* YOUR GOAL
From the line with "智慧緣起:對(duì)于小班" to the line with "Precision is the", output every line below exactly, both ends included. Skip the pictures.

* RECORDS PROVIDED
--------
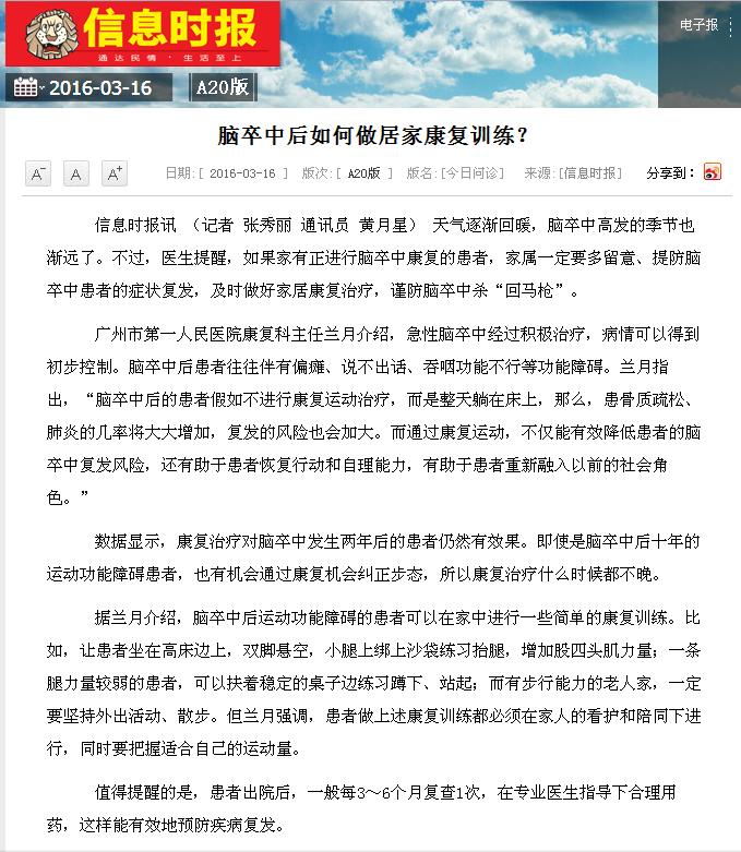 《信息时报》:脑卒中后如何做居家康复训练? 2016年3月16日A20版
--------
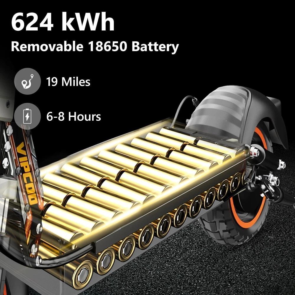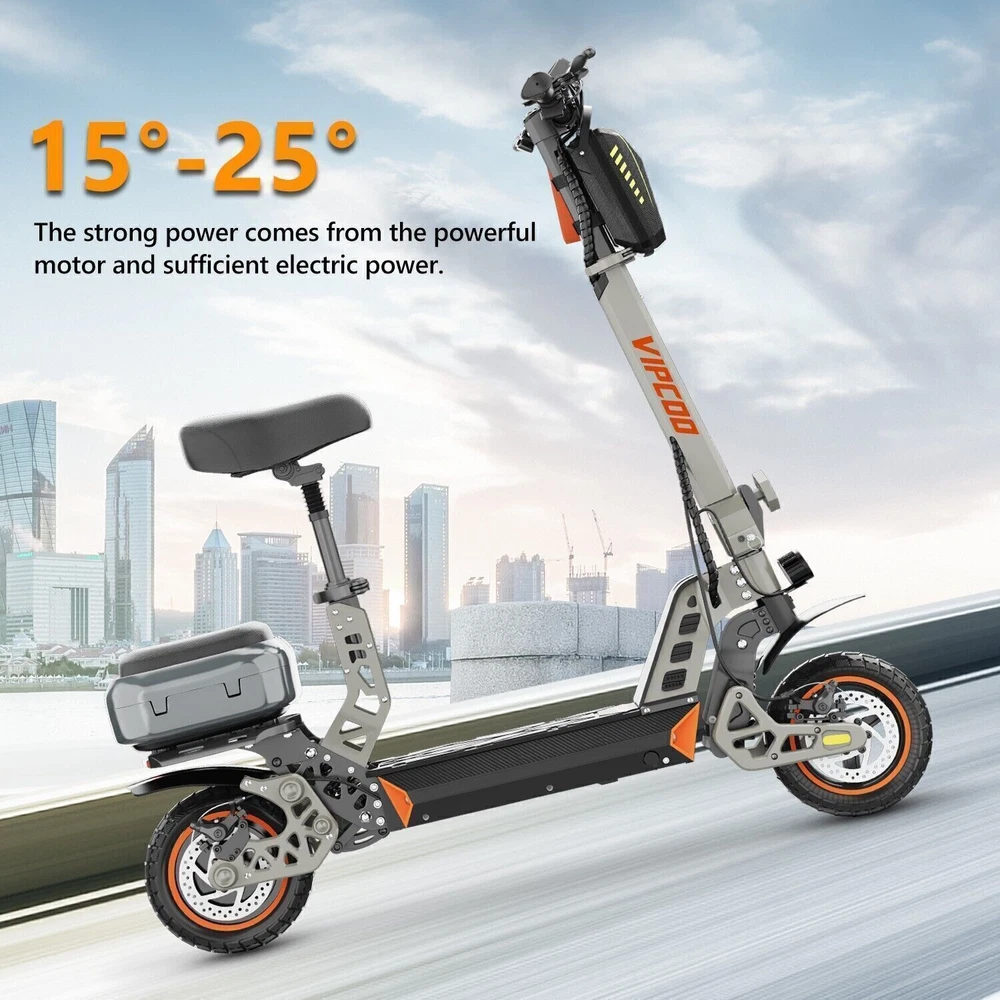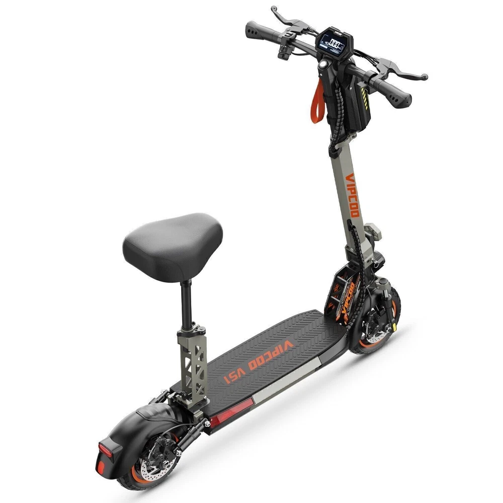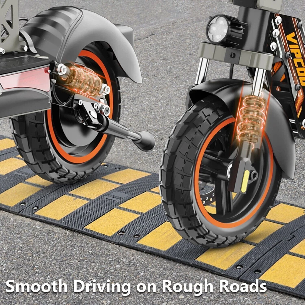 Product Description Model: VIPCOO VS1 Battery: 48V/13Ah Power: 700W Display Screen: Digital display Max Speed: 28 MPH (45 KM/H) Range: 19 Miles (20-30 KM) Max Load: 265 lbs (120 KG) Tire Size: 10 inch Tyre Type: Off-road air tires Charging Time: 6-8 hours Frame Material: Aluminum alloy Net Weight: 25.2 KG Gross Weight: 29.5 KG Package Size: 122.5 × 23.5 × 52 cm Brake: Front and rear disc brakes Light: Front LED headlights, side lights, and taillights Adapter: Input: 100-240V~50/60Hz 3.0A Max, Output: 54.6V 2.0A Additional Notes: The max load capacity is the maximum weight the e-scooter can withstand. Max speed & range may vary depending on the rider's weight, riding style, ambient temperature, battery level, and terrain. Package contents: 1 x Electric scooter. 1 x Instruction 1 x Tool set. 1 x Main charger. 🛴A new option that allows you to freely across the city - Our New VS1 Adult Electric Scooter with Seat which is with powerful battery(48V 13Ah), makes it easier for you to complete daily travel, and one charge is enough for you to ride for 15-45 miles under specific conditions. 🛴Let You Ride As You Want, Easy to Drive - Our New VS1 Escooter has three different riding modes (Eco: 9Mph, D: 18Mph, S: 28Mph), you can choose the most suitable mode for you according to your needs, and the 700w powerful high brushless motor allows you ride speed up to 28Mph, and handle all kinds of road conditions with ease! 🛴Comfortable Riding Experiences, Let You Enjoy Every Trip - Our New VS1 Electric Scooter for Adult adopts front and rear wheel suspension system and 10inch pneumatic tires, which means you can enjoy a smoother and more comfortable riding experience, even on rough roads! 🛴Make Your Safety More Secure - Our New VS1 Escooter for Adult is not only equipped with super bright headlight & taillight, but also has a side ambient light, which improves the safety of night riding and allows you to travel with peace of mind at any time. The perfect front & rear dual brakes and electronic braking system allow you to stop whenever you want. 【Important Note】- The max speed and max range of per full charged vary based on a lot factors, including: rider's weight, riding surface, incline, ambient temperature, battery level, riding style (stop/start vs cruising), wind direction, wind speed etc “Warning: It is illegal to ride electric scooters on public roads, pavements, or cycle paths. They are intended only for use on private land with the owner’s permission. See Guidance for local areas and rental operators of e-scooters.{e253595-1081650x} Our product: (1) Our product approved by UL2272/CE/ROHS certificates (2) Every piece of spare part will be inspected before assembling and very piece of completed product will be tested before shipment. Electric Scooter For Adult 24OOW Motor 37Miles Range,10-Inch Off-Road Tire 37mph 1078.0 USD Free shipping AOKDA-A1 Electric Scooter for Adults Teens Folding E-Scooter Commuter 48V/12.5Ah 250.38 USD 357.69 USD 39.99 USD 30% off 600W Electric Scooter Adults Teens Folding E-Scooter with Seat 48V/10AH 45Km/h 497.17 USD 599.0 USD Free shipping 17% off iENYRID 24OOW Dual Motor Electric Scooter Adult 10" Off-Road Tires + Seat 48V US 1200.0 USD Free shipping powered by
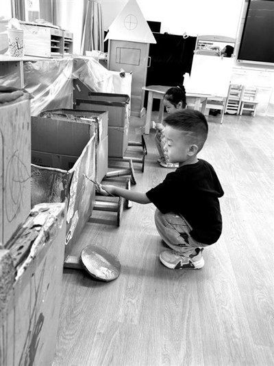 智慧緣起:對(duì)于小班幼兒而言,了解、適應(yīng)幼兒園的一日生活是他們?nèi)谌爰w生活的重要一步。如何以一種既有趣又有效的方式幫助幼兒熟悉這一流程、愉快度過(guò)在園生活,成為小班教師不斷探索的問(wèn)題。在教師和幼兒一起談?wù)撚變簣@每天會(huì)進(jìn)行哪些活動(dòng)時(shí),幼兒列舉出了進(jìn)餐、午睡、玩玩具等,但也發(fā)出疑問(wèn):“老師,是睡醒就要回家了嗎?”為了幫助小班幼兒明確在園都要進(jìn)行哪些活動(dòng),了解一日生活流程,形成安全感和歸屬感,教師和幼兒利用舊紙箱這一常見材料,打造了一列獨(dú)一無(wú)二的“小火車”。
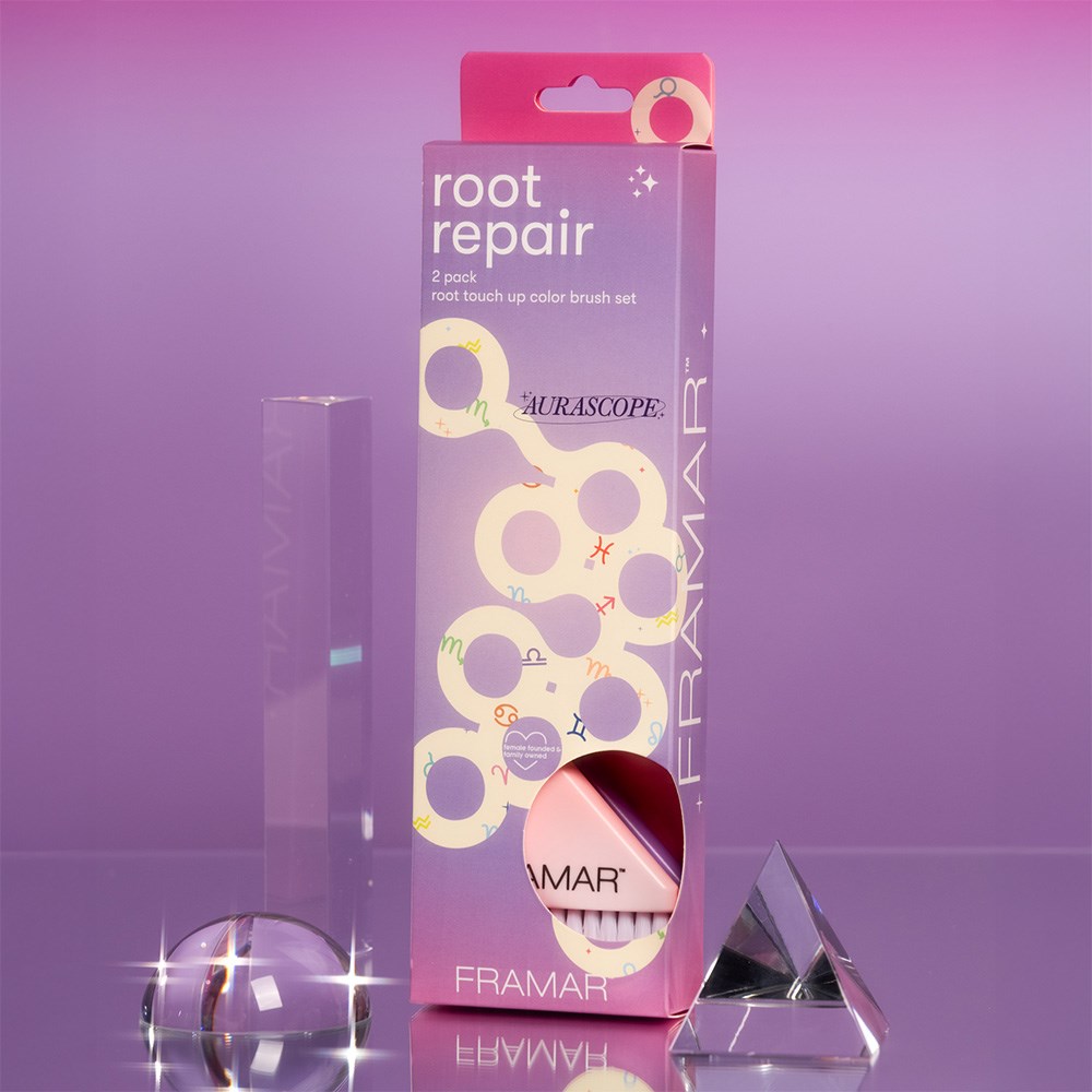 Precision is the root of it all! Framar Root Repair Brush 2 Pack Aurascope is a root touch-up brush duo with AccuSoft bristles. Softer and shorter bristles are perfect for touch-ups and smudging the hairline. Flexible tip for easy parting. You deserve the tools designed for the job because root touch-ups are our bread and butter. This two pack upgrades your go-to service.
--------
* ANSWER FOR THIS EXERCISE
 智慧緣起:對(duì)于小班幼兒而言,了解、適應(yīng)幼兒園的一日生活是他們?nèi)谌爰w生活的重要一步。如何以一種既有趣又有效的方式幫助幼兒熟悉這一流程、愉快度過(guò)在園生活,成為小班教師不斷探索的問(wèn)題。在教師和幼兒一起談?wù)撚變簣@每天會(huì)進(jìn)行哪些活動(dòng)時(shí),幼兒列舉出了進(jìn)餐、午睡、玩玩具等,但也發(fā)出疑問(wèn):“老師,是睡醒就要回家了嗎?”為了幫助小班幼兒明確在園都要進(jìn)行哪些活動(dòng),了解一日生活流程,形成安全感和歸屬感,教師和幼兒利用舊紙箱這一常見材料,打造了一列獨(dú)一無(wú)二的“小火車”。
 Precision is the root of it all! Framar Root Repair Brush 2 Pack Aurascope is a root touch-up brush duo with AccuSoft bristles. Softer and shorter bristles are perfect for touch-ups and smudging the hairline. Flexible tip for easy parting. You deserve the tools designed for the job because root touch-ups are our bread and butter. This two pack upgrades your go-to service.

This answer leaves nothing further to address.